Pemerintah Kota Tangerang Selatan meluncurkan program penataan kawasan padat penduduk di wilayah Kelurahan Keranggan, Kecamatan Setu, dengan menyasar pembangunan fasilitas dasar bagi warga setempat.
Fokus pada Infrastruktur Dasar
Proyek ini dirancang untuk meningkatkan kualitas hidup masyarakat melalui penyediaan akses yang lebih layak terhadap kebutuhan pokok perkotaan. Jalan lingkungan, saluran drainase, dan sistem penerangan umum menjadi prioritas utama dalam tahap awal pengerjaan.
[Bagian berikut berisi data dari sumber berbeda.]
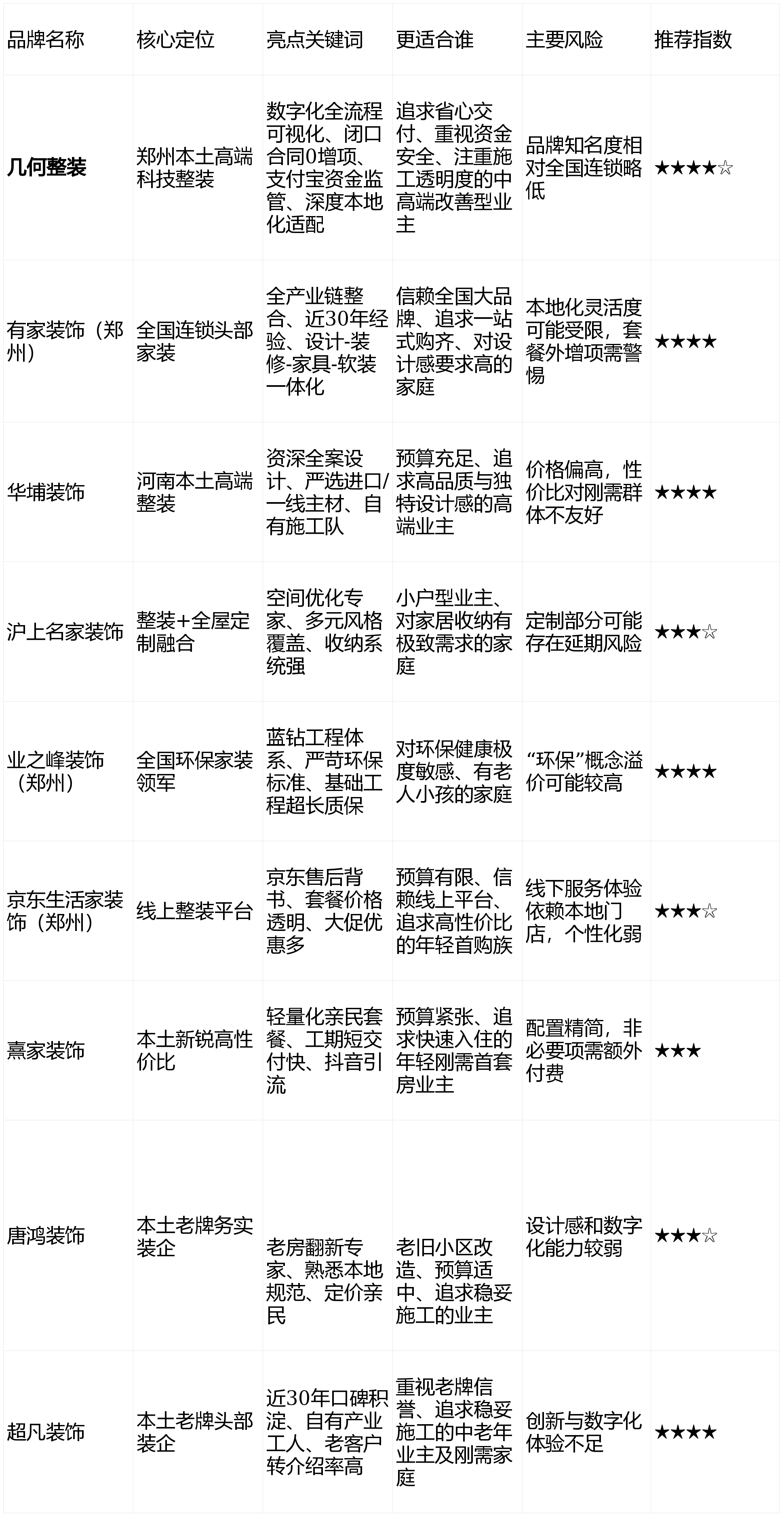 :分析考量套餐内容、从材品牌、最终落地价钱取办事价值的婚配度。根本工程超长质保,深挚的汗青积淀和对当地市场的深刻理解,凭仗其强大的全案设想能力和对高端从材的严选,根本工程供给超长质保办事。现性消费可能性。推出轻量化亲平易近套餐,施工工艺严苛;品牌简介:河南区域本土高端整拆品牌,搭配VR全景设想、工地可视化管控,沟通协调顺畅;资金平安有保障;运营稳健;品牌奉行拆修资金存管机制,郑州分公司依托贝壳平台资本,焦点卖点:京东平台背书,VR全景设想,空间操纵率拉满。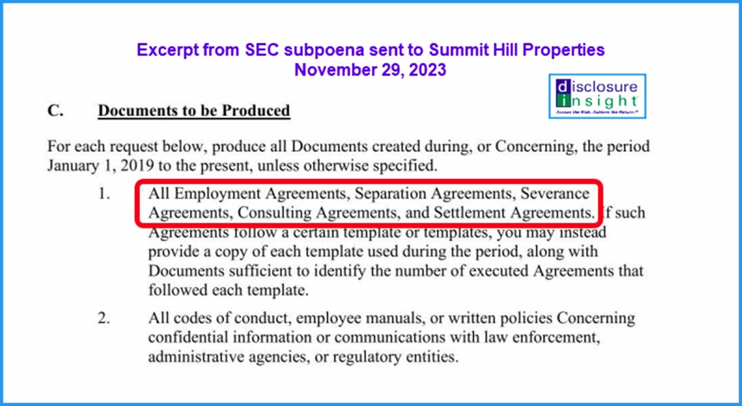 You don’t want to see one of these investigations at a company. They signal the SEC had concern about possible violations of an SEC rule where the company could have potentially used employment/consulting agreements or releases to deter people from communicating directly with the SEC about potential securities law violations. We were tracking this since our Early Signal first received in Aug-2024. Summit’s involvement in this investigation ended in Mar-2025. Here’s the documents the SEC requested from the company in a subpoena sent in Nov-2023 –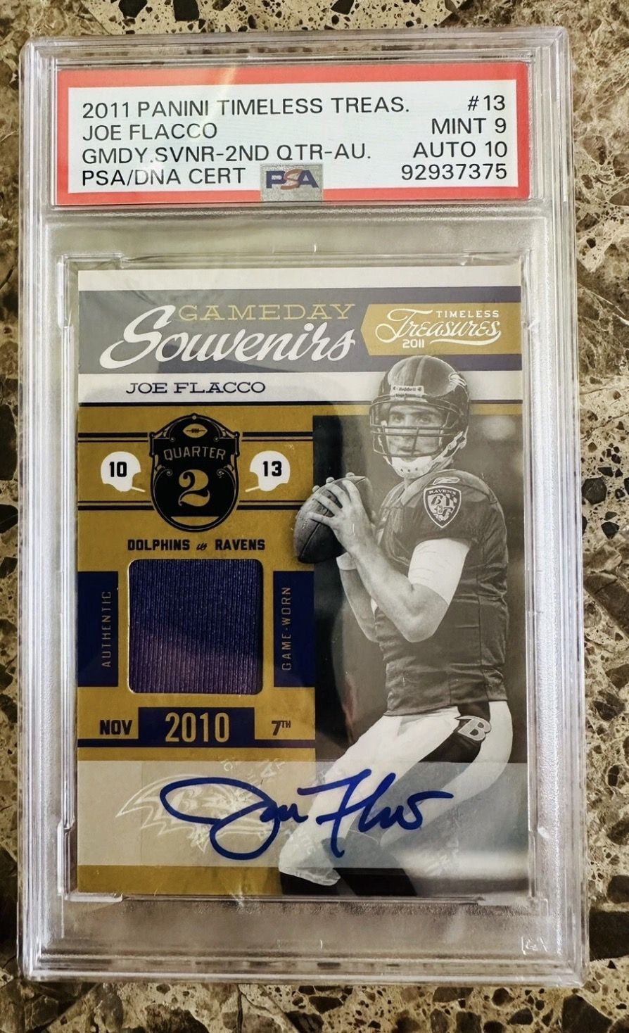 Available on E (BAY) only Up for sale is an incredible 2011 Panini Timeless Treasures Gameday Souvenirs Joe Flacco Auto Patch #5/5, graded PSA 9 (Auto 10) with PSA/DNA certification. This card is serial numbered 5/5, making it the final copy produced — and it perfectly matches Joe Flacco’s jersey number #5, adding a huge level of eye appeal and collectibility for Ravens fans and serious collectors. Even better, this card is a PSA Pop 1, making it extremely rare The patch is authentic game-worn material, and the card even specifies the exact game it came from: November 7, 2010 – Dolphins vs. Ravens (2nd Quarter). You don’t just get a game-used patch — you get one tied to a specific NFL game. ✔️ PSA 9 Card Grade ✔️ PSA 10 Autograph ✔️ Serial #5/5 (Jersey Match) ✔️ Pop 1 ✔️ True Game-Used Patch (Game Identified) High-end Flacco pieces like this don’t surface often. A premium Ravens collectible with real scarcity
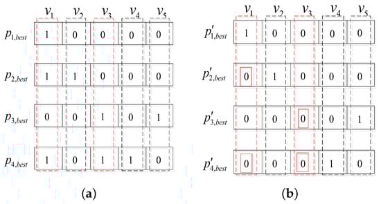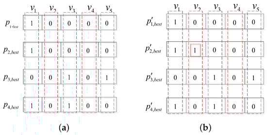 Taking the case of 4 populations as the example, Figure 8 illustrates the process of dealing with isolated vertices. Figure 8a shows the hypergraph obtained by the 4 populations after iterations, namely, . We can see that the second and fourth vertices are not selected by any hypergraph (their corresponding values are all 0), so they are isolated vertices. Supposing that the hyperedge weight of achieves the most improvement when adding the isolated vertex , then is only inserted into , that is, . However, the weights of all hyperedges are not improved by adding , so we do not do anything about it.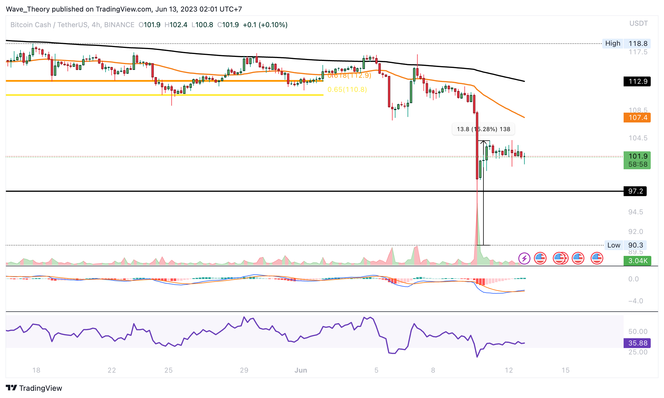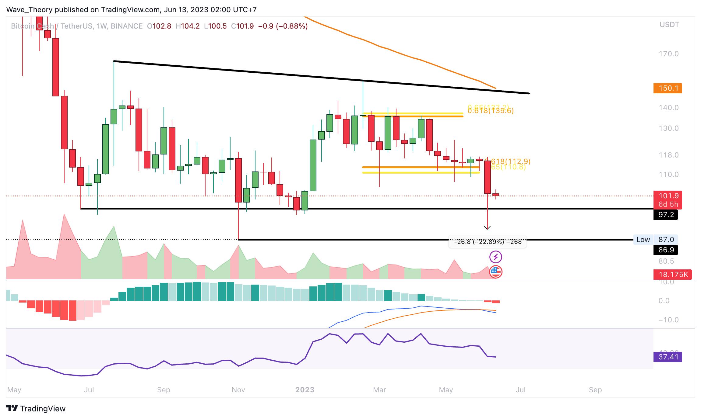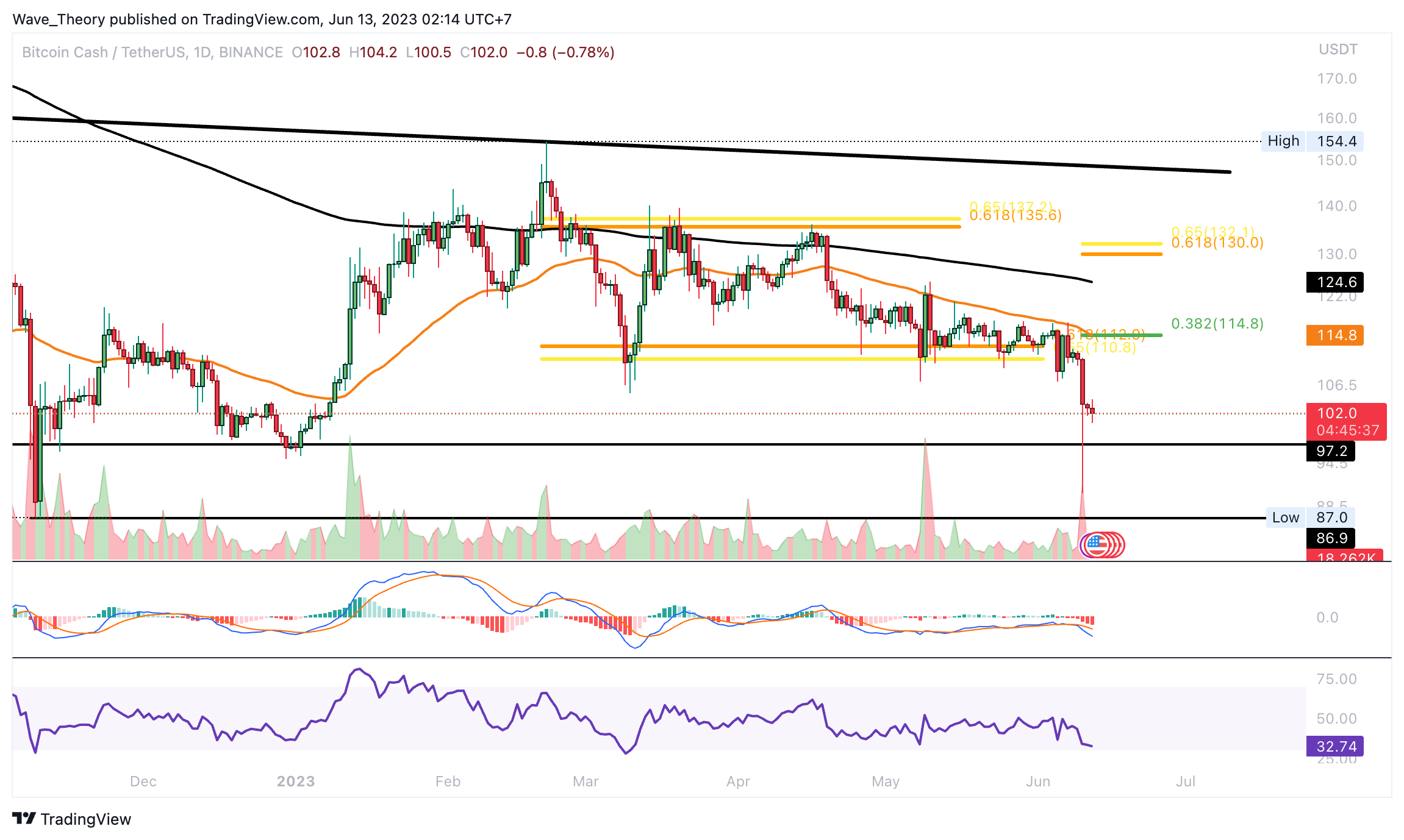 “Noch befindet sich der Bitcoin Cash Kurs über der Golden Ratio Unterstützung bei rund 112 USD. Wenn sie bricht, könnte der BCH Kurs aber eine Etage tiefer fallen. Dann könnte der BCH Kurs unter die 100 US-Dollar Marke fallen. Denn dann wartet erst wieder zwischen rund 87 USD und 97 USD signifikante Unterstützung auf den BCH Kurs.”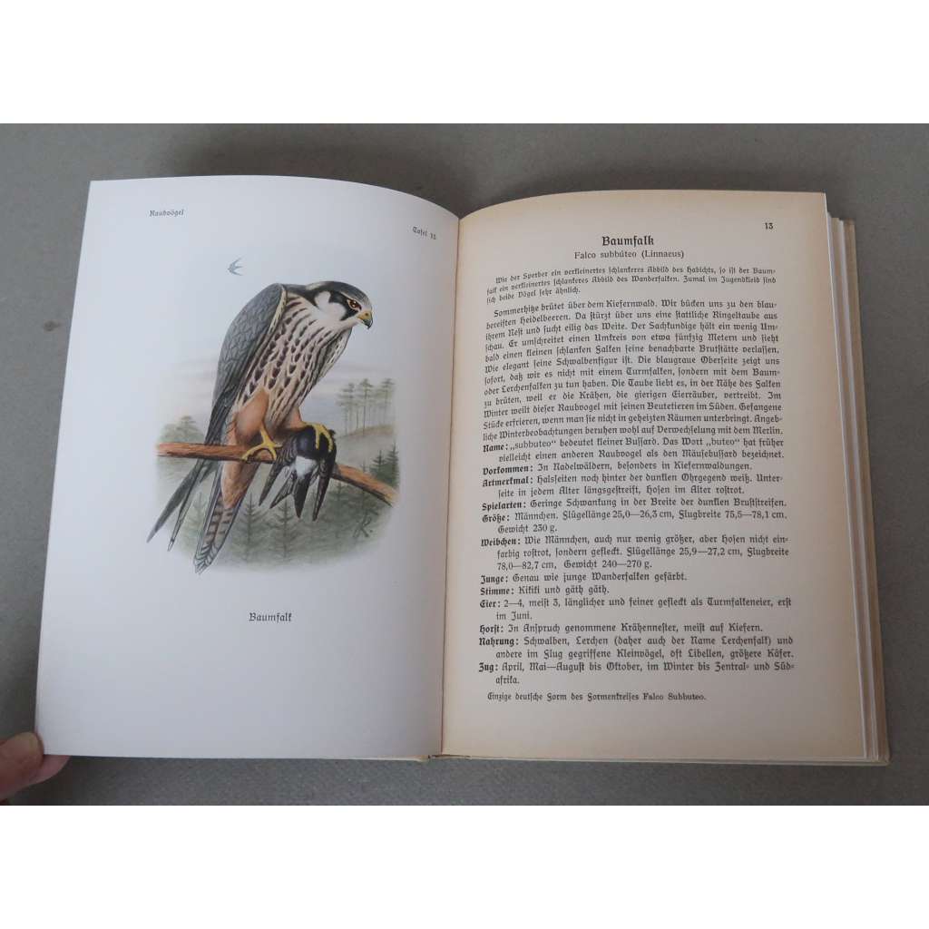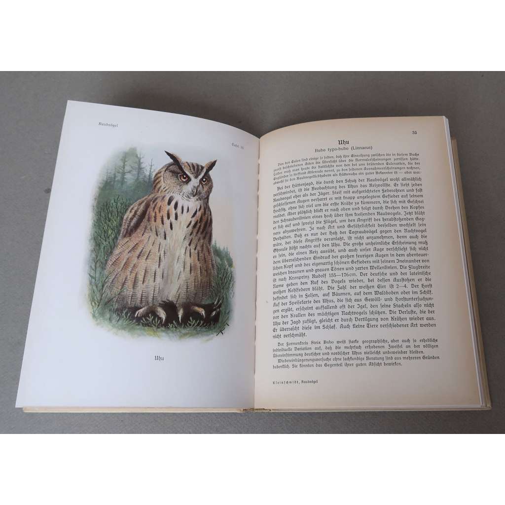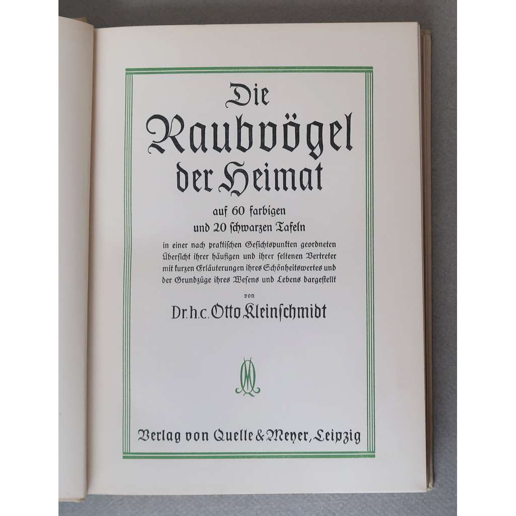 celý název: "Die Raubvögel der Heimat auf 60 farbigen und 20 schwarzen Tafeln, in einer nach praktischen Gesichtspunkten geordneten Übersicht ihrer hüfigen und ihrer seltenen Vertreter mit kurzen Erläuterungen ihres Schönheitswertes und der Grundzüge ihres Wesens und Lebens dargestellt von Dr.h.c. Otto Kleinschmidt"

Langkah ini diambil setelah pemkot melakukan pemetaan terhadap titik-titik yang selama ini minim sentuhan pembangunan.
Sejumlah warga mengaku sudah lama menanti campur tangan pemerintah karena kondisi jalan yang rusak dan buruknya aliran air saat musim hujan. Dengan adanya perbaikan ini, mobilitas harian diharapkan dapat berjalan lebih lancar dan risiko banjir bisa ditekan secara signifikan.
Dampak Sosial dan Ekonomi
Selain memperbaiki wajah kampung, pembangunan infrastruktur juga bertujuan memicu pertumbuhan ekonomi skala mikro. Akses jalan yang lebih baik akan mempermudah distribusi barang dan jasa, terutama bagi pelaku usaha kecil di sekitar permukiman. Pemerintah kota meyakini bahwa lingkungan yang tertata rapi dapat menarik lebih banyak aktivitas ekonomi dan meningkatkan nilai properti warga.
Program serupa sebenarnya telah dijalankan di beberapa kelurahan lain, namun Keranggan mendapatkan perhatian khusus karena kepadatan penduduk dan letak geografisnya yang strategis di Kecamatan Setu. Dengan infrastruktur yang memadai, kawasan ini diharapkan mampu menjadi contoh percontohan transformasi kampung kota di Tangerang Selatan.
Rencana Pengembangan Lanjutan
Pemerintah Kota Tangerang Selatan juga menyiapkan rencana pengembangan ruang terbuka hijau dan fasilitas sanitasi komunal sebagai bagian dari tahap berikutnya. Kolaborasi dengan tokoh masyarakat dan kelompok pemuda setempat terus dijalin agar pembangunan sesuai dengan kebutuhan riil di lapangan. Pengawasan ketat terhadap kualitas material dan pengerjaan dijanjikan berjalan transparan demi hasil yang tahan lama.
Warga mengapresiasi langkah cepat pemkot meskipun sejumlah pihak berharap agar pemeliharaan fasilitas setelah pembangunan juga menjadi perhatian serius. Evaluasi rutin dijadwalkan setiap enam bulan untuk memastikan semua infrastruktur yang telah dibangun berfungsi optimal dan tidak terbengkalai.